[ACTIVITY]: A faithful copy of the listing below is needed, one that contains no pictures.

═════ DATA PROVIDED

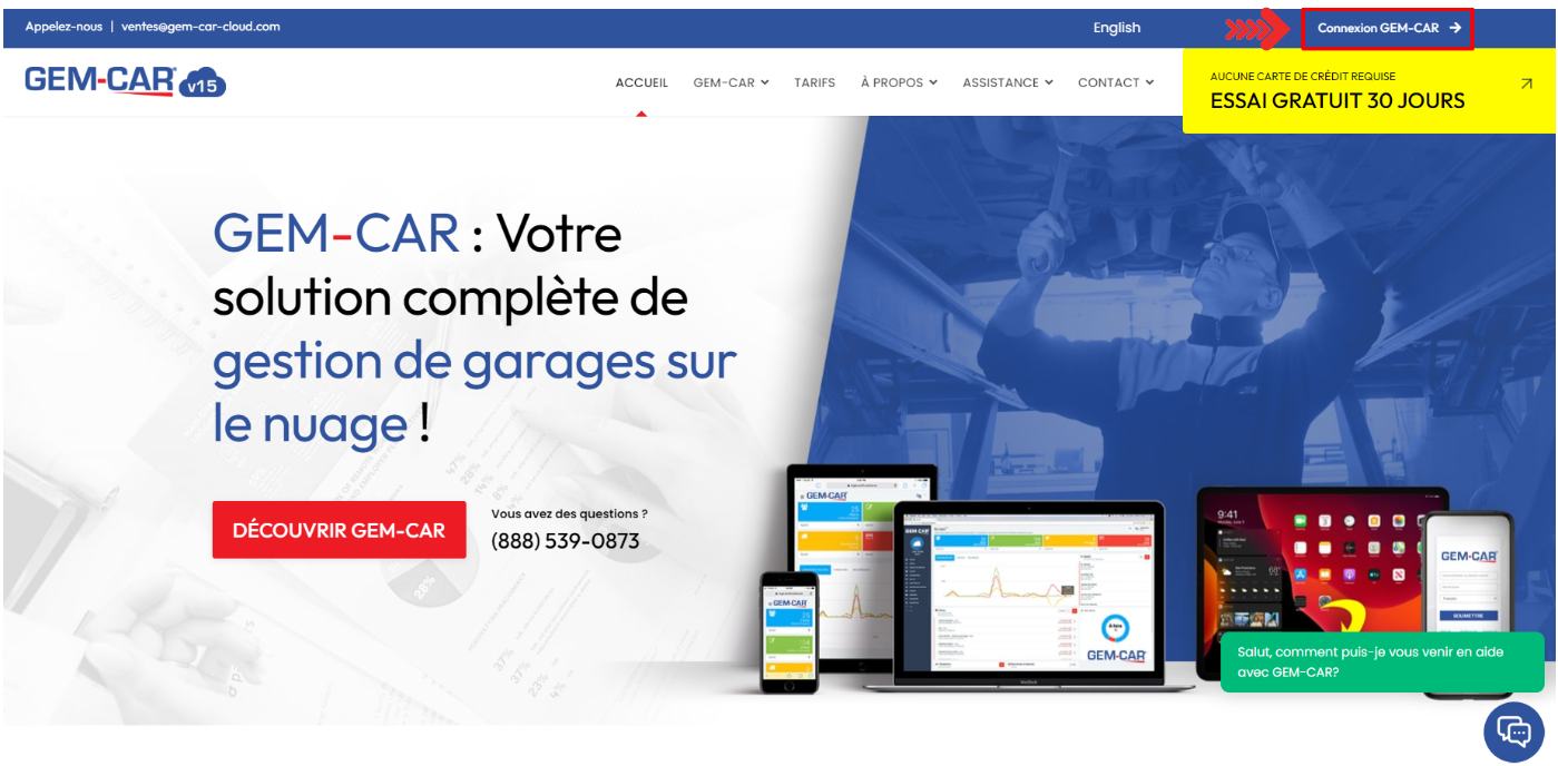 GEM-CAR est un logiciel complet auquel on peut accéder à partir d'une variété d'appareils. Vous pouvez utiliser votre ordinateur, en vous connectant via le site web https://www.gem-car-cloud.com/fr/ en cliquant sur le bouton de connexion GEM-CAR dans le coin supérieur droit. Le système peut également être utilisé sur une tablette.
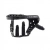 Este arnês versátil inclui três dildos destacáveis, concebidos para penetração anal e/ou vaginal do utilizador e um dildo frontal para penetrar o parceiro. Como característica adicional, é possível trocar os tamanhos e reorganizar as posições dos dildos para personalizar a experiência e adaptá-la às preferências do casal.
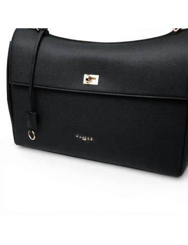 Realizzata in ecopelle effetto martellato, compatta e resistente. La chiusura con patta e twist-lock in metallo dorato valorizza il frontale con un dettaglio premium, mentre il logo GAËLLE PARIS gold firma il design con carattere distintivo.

══════════

[EXPECTED ANSWER]:
 GEM-CAR est un logiciel complet auquel on peut accéder à partir d'une variété d'appareils. Vous pouvez utiliser votre ordinateur, en vous connectant via le site web https://www.gem-car-cloud.com/fr/ en cliquant sur le bouton de connexion GEM-CAR dans le coin supérieur droit. Le système peut également être utilisé sur une tablette.
 Este arnês versátil inclui três dildos destacáveis, concebidos para penetração anal e/ou vaginal do utilizador e um dildo frontal para penetrar o parceiro. Como característica adicional, é possível trocar os tamanhos e reorganizar as posições dos dildos para personalizar a experiência e adaptá-la às preferências do casal.
 Realizzata in ecopelle effetto martellato, compatta e resistente. La chiusura con patta e twist-lock in metallo dorato valorizza il frontale con un dettaglio premium, mentre il logo GAËLLE PARIS gold firma il design con carattere distintivo.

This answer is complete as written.